1,3Department of Obstetrics and Gynecology, Faculty of Medicine, Universitas Sumatera Utara, Medan, Indonesia, 2Department of Clinical Pathology, Faculty of Medicine, Universitas Airlangga, Surabaya, Indonesia, 4Department of Biology, Faculty of Mathematics and Natural Sciences, Universitas Sumatera Utara, Indonesia
Received: 22 Nov 2019, Revised and Accepted: 19 Jan 2020
Objective: To find out the effect of honey administration on changes in antiangiogenic and proangiogenic serum levels in the rat model of preeclampsia. This study is the first research that examines the effect of honey on preeclampsia especially on proangiogenic and antiangiogenic factors
Methods: This study uses analytic research with a quasi-experimental design in laboratory rats (Rattus Norvegicus) pregnant females given honey with concentration. The treatment of all samples was carried out simultaneously and during the treatment it was observed using the type of postest only control group design.
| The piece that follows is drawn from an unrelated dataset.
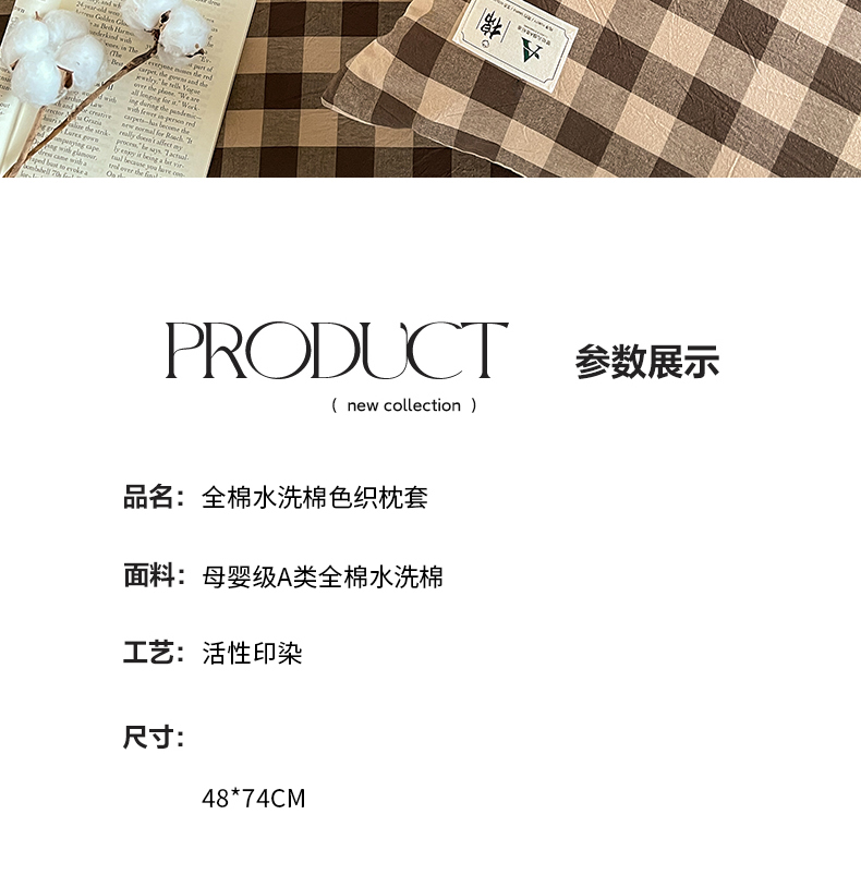 商品名称:21度C 2025复古风全棉A类枕套 夏沫咖

Results: Honey administration significantly reduced sFlt-1 levels in preeclampsia rats, and a greater dose of honey had an effect on strengthening the effect of honey in reducing sFlt-1 levels. Honey administration significantly increased VEGF levels in preeclampsia mice (p = 0.034). Honey administration significantly decreased s-Eng levels in preeclampsia mice, and administration of a larger dose of honey had an effect on strengthening the effect of honey in reducing s-Eng levels (p = 0.012).
Conclusion: The honey administration on rat’s model of preeclampsia may reduce the antiangiogenic level sFlt-1 and sEng dan increase VEGF level as the pro-angiogenic.
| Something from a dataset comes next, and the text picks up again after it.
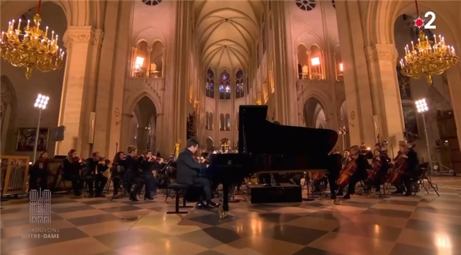 据悉,2019年郎朗就曾参加巴黎圣母院火灾后的致敬音乐会。这一次,他携手杜达梅尔指挥的法国广播爱乐乐团,演奏了圣·桑《第二钢琴协奏曲》“终曲”,祝贺巴黎圣母院的重生。此外,郎朗独自演绎了李斯特《爱之梦》,以精湛的钢琴演奏技巧,让这场跨越历史与国界的演奏,在爱与艺术的交融中再次升华,将音乐的魅力展现地淋漓尽致。

Keywords: Honey, Soluble FMS-Like Tyrosine Kinase (sFlt-1), Soluble Endoglin (s-Eng),Vascular Endothelial Growth Factor (VEGF), Preeclampsia
© 2020 The Authors. Published by Innovare Academic Sciences Pvt Ltd. This is an open access article under the CC BY license (http://creativecommons.org/licenses/by/4.0/)
DOI: http://dx.doi.org/10.22159/ijcpr.2020v12i2.37493. Journal homepage: https://innovareacademics.in/journals/index.php/ijcpr
Pregnancy is a normal physiological phenomen with many biochemical changes ranging from changes in electrolyte concentrations to more complex changes in cortisol and calcium metabolism. Pregnancy is associated with normal physiological changes that help in maintaining and sustaining the fetus. Biochemical parameters reflect adaptive changes and are clearly different from non-pregnant countries .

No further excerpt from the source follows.